Figure S1a shows geologic map area across sub-epoch bins from the early Eocene through Pliocene of North America, using Uhen and Pyenson’s [S15] original data. Middle Eocene rocks, especially from the southeastern US coastal plain, account for the bulk area of Cenozoic rock outcrop. It is worth noting that strong differences between rock area along the eastern and western coasts of the US do exist: for example, abundant early Miocene rocks are known from California and Oregon, whereas similarly aged rocks are far less abundant (by areal map data) along the east coast of the US. Early Oligocene rocks are especially well known from the Pacific Northwest, and they rank among the lowest available rock areas in the dataset, a finding which is generally consistent with the long-standing rarity of fossil marine mammals from this time period.
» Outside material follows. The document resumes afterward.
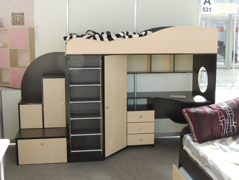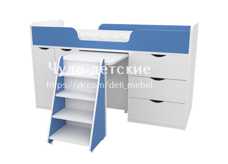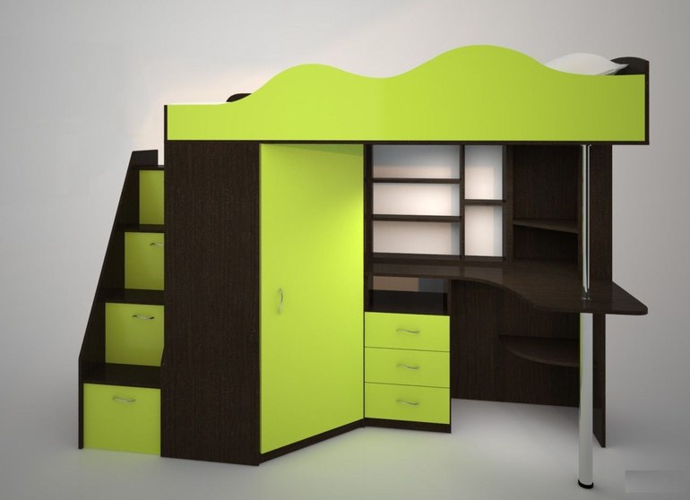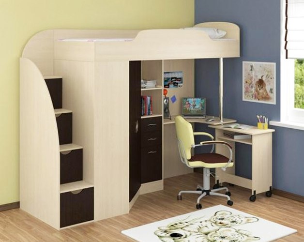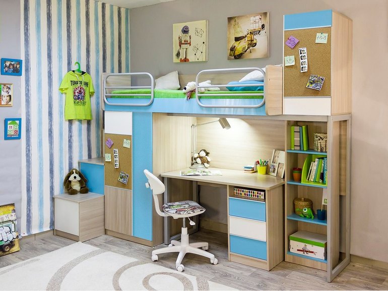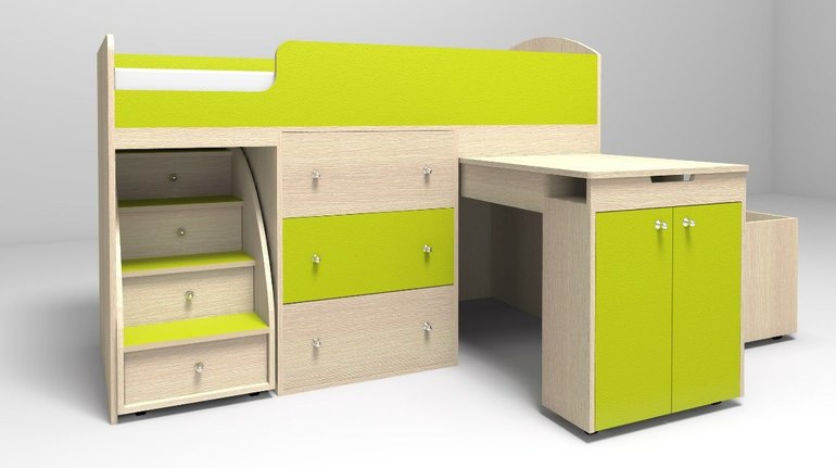 Доброго вечера! Мы делаем любую мебель на заказ, возможно Вам будет это интересно, т.к. сможем воплотить любые пожелания.) Ну а как совет - ни в коем случае не устраивайте под кроватью рабочее место ребенку. Света там настолько мало, что просто караул. Модули есть весьма приличные и функциональные и с кроваткой/диваном внизу.
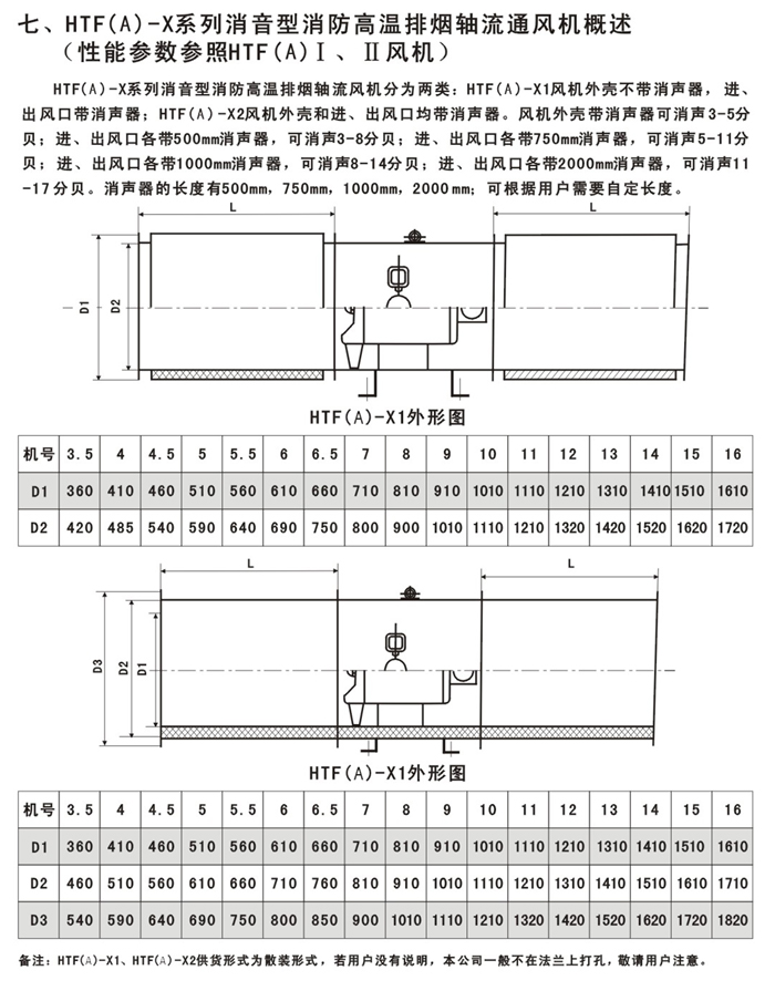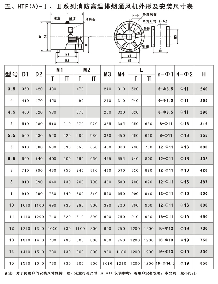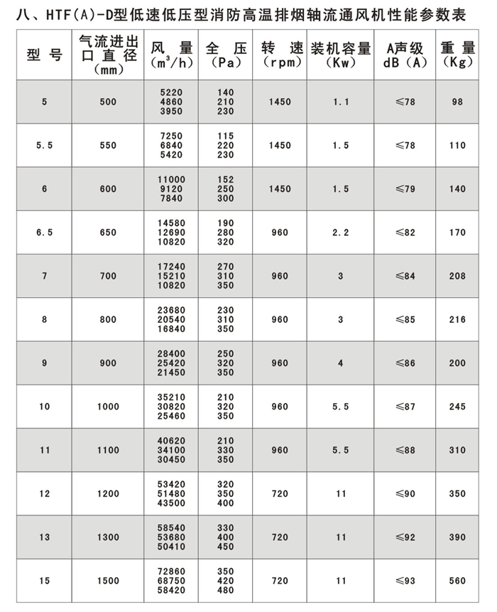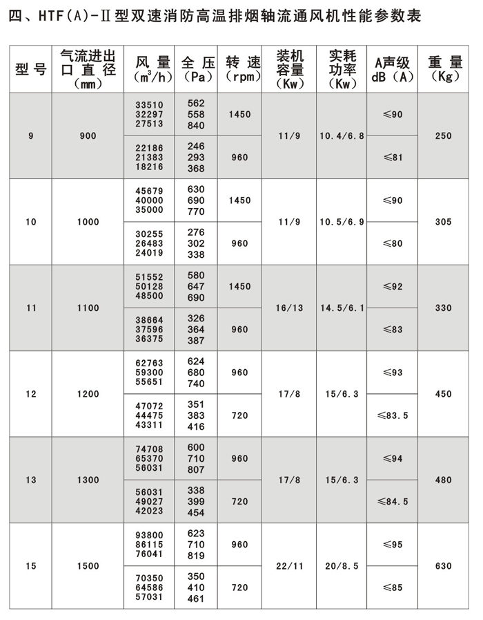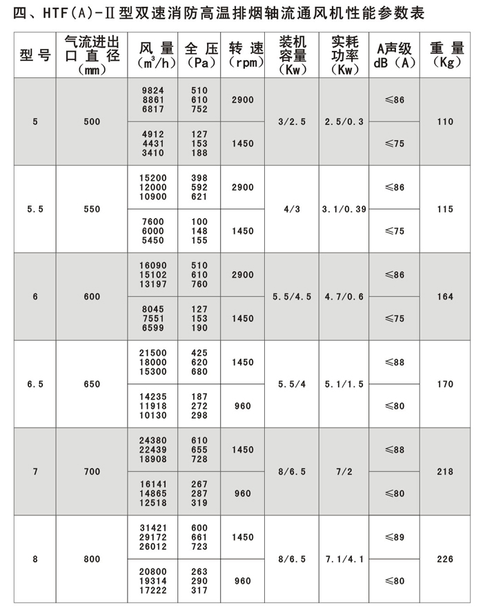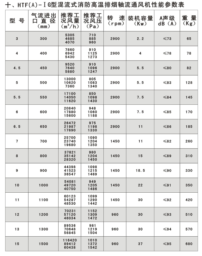 1. HTF(A)系列消防高溫排煙軸流通風機,其基本形式為軸流式結構,采用耐高溫電機,配有專門的電機冷卻系統。具有性能優良、耐高溫性能良好、效率高、占地比離心風機少、安裝方便等特點。

Using the Paleobiology Database (http://paleobiodb.org), we downloaded taxonomic occurrence data for all Cetacea, Sirenia, and Desmostylia in North America (last download 28 February 2016). We binned the data by geologic age (counting range-throughs) in a commensurate way for comparability with rock area (i.e., starting in the early Eocene and to the Pliocene, as Pleistocene rock outcrops were not included in the original dataset [S15]), and computed the relative proportion of occurrences for ease of visualization (Fig. S1b). We did not use genera through time (perhaps the most useful taxonomic level for such plots) because we wanted to maximize the size of our datasets, including potential coverage for geologic bins that might not be represented by material worth naming or potentially diagnosable at this taxonomic level. Overall, the patterns of proportional occurrence data for all three groups are remarkably similar, with a notable peak in middle Miocene. A similar pattern has been observed in other richness data (see [S15]), indicating that fossil marine mammal occurrences are dense and reliable enough to recover a genuine paleobiological diversity signal.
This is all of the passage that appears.